救いのないままかと思ってたけど、ラストは未來を感じさせてくれてホッとした。
これがコミックなんだから、すごいな。
Posted by ブクログ
えーっと、『オール・ユー・ニード・イズ・キル』とか、『トレインスポッティング』とか、なんかそんな、倒錯的な狂気的な、そんな話だった。ダメだ、いい例えが浮かばない……
Posted by ブクログ
タイトルの「原罪」とはどういう意味なのだろう?と思いながら読み進めていた。分かった時は驚いた。タコピーがしずかの為に、と思うが故に起きてしまったことや、それを受け入れようとしてしまったことなのかな?と思い始めていたところ、そうではなかったのか!と。
それにしても重い内容だった。
タコピーの存在を人間的な外見をしていたり、非常に強い能力を持つ神的な存在にせず、タコピーのようなキャラクターっぽい可愛さの見た目にし、悪意を読み取れず、道具も何とも中途半端にしたことは、意図的なのだと思う。そのことが、却って、描かれている問題の深刻さや救われなさを強調してきて、辛い気持ちになった。ひたすら可哀想だと思っていたしずかの、抱える怖さも見えてくると、タコピーも可哀想になってしまったり、、、
そして、終わり方も、何となく少し明るさを見せるが、実は大人たちの問題は何も解決しておらず、しずかもまりなも、それぞれが孤独に苦しんでいるよりはマシなのかもしれないけど、、、と言う程度で。大人たちが変わることなく、本当に彼女たちが傷を癒せなければ、きっと2人の今後の人生で、躓くことがあったり、問題の連鎖に繋がってしまうのだろう、と思うと、やはり重たい気持ちばかりが残ってしまう。

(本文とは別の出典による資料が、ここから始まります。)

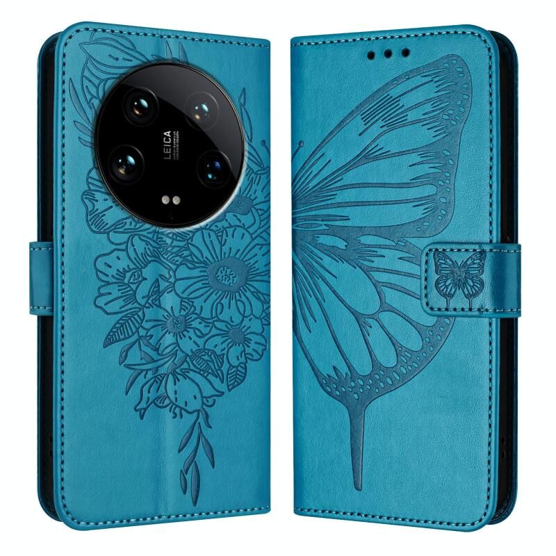 Για Xiaomi 14 Ultra 5G Παγκόσμια ανάγλυφη πεταλούδα δερμάτινη θήκη τηλεφώνου (μπλε)

なおきには、良いお兄さんがいてくれて良かった。なおきは、親が気づいてくれる、変わってくれる、は難しいとしても、お兄さんの存在によって、そして、お兄さんも弟の苦しみを知ったことで、お互いを思いやり生きていけるのではないか。
設定を活かせなかったかな
後一巻足りない。
秘密道具を上手く利用して、タイムリープを収束させるSF的楽しみに期待したが、無理くり2巻で収めるために、痛く強引に纏めてしまったのが大変悔やまれる。オチはスキなのだが、体験版までが面白さのピーク。実に惜しい!